Behind her was a three-week visit with family during which she had seen the fear, deprivation and destruction the American occupation has created. She was heading back home to Denver with a full and infuriating load of painful images.
But there, at the border, she met a young American soldier. He was a kid from New Jersey, and he was incredibly polite and helpful. They talked about hometowns. He put a human face and human sensibility on a situation that she wanted to keep in its own dark place.
That meeting at the border has become part of what she takes on the road now. The small details of her travels back and forth to Iraq make up what has become one of the more prominent attempts to tell people here about life over there.
Wasfi was born in 1971 of a Jewish mother and Iraqi father who met during their college days in New York. She is a doctor, but she has put her medical career on hold to take the story of life in Iraq under U.S. occupation to as many places as she can. She brings it to the List Art Center at Brown University on Tuesday at 7 p.m.
"I wanted to put a face on the Iraqi people," she said during an interview from her home in Denver.

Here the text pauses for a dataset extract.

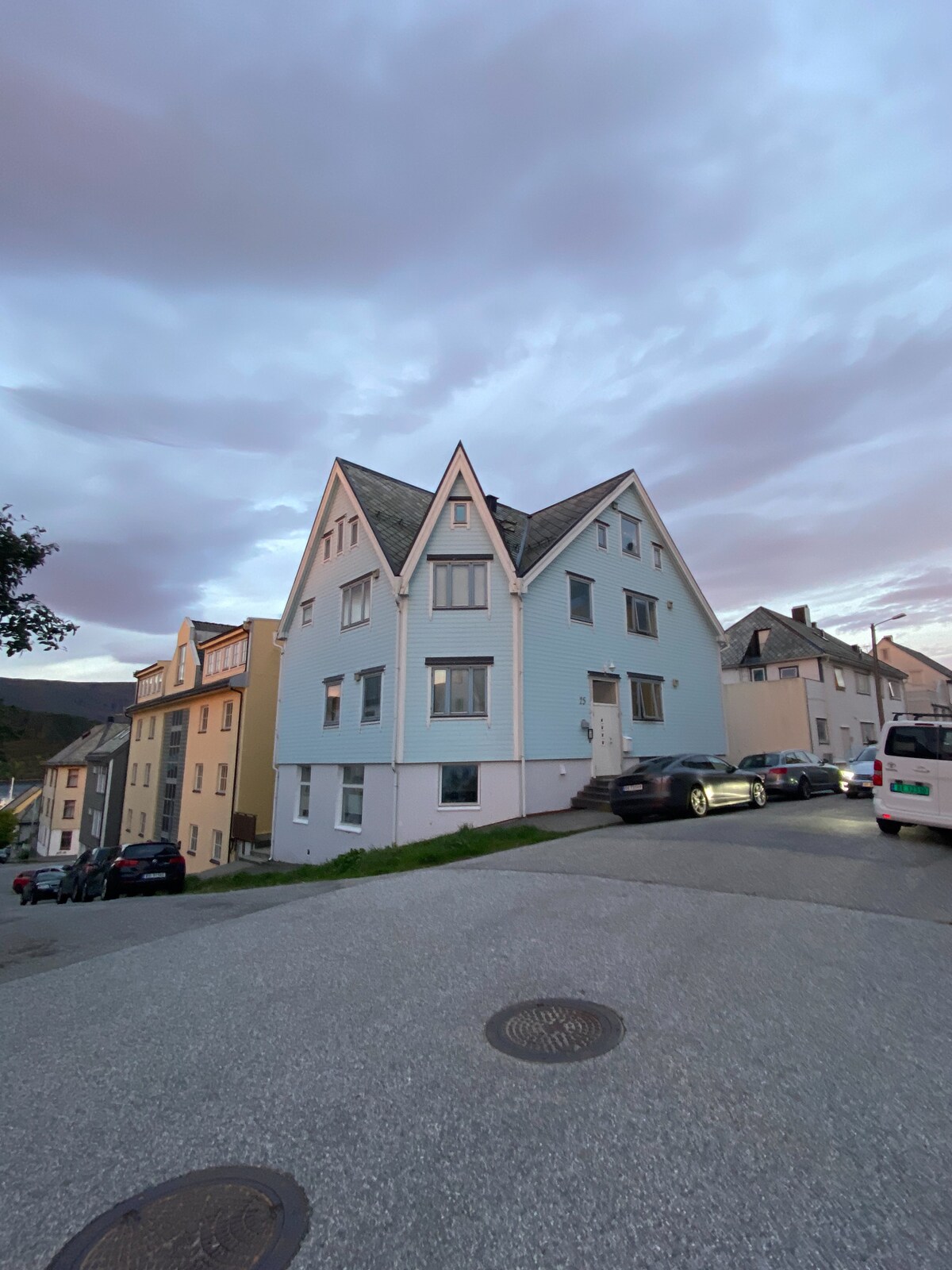 Rumah bandar 2 tingkat dan 3 bilik tidur, pemandangan indah, tempat letak kereta percuma dan akses yang baik ke pusat bandar. Hanya seminit berjalan kaki ke stesen bas. 5 minit memandu atau 20 minit berjalan kaki ke taman laut Atlantik. Dan jalan yang singkat ke Sugar Mountain. Anda akan mendapat pemandangan yang indah dengan kedua-dua bandar, pantai dan fyord dalam satu. 1 katil saiz king dan katil bayi dalam satu bilik tidur, katil single di bilik tidur lain dan di bilik ketiga katil ini panjangnya 170 cm ( lebih kurang 7 tahun)

She tells a story too seldom told in the early days of the war and one that is still not given the attention it should have. It is the story of how once daily routine in Iraq has been turned into a hellish test of survival. It is the story of what we have done to people who never asked us to come on over and save them.


Annette also comments that Dahlia Wasfi is among the many voices excluded by Mother Jones "but they might have had to kick some military brass off their xenophobic panel to include an authentic voice."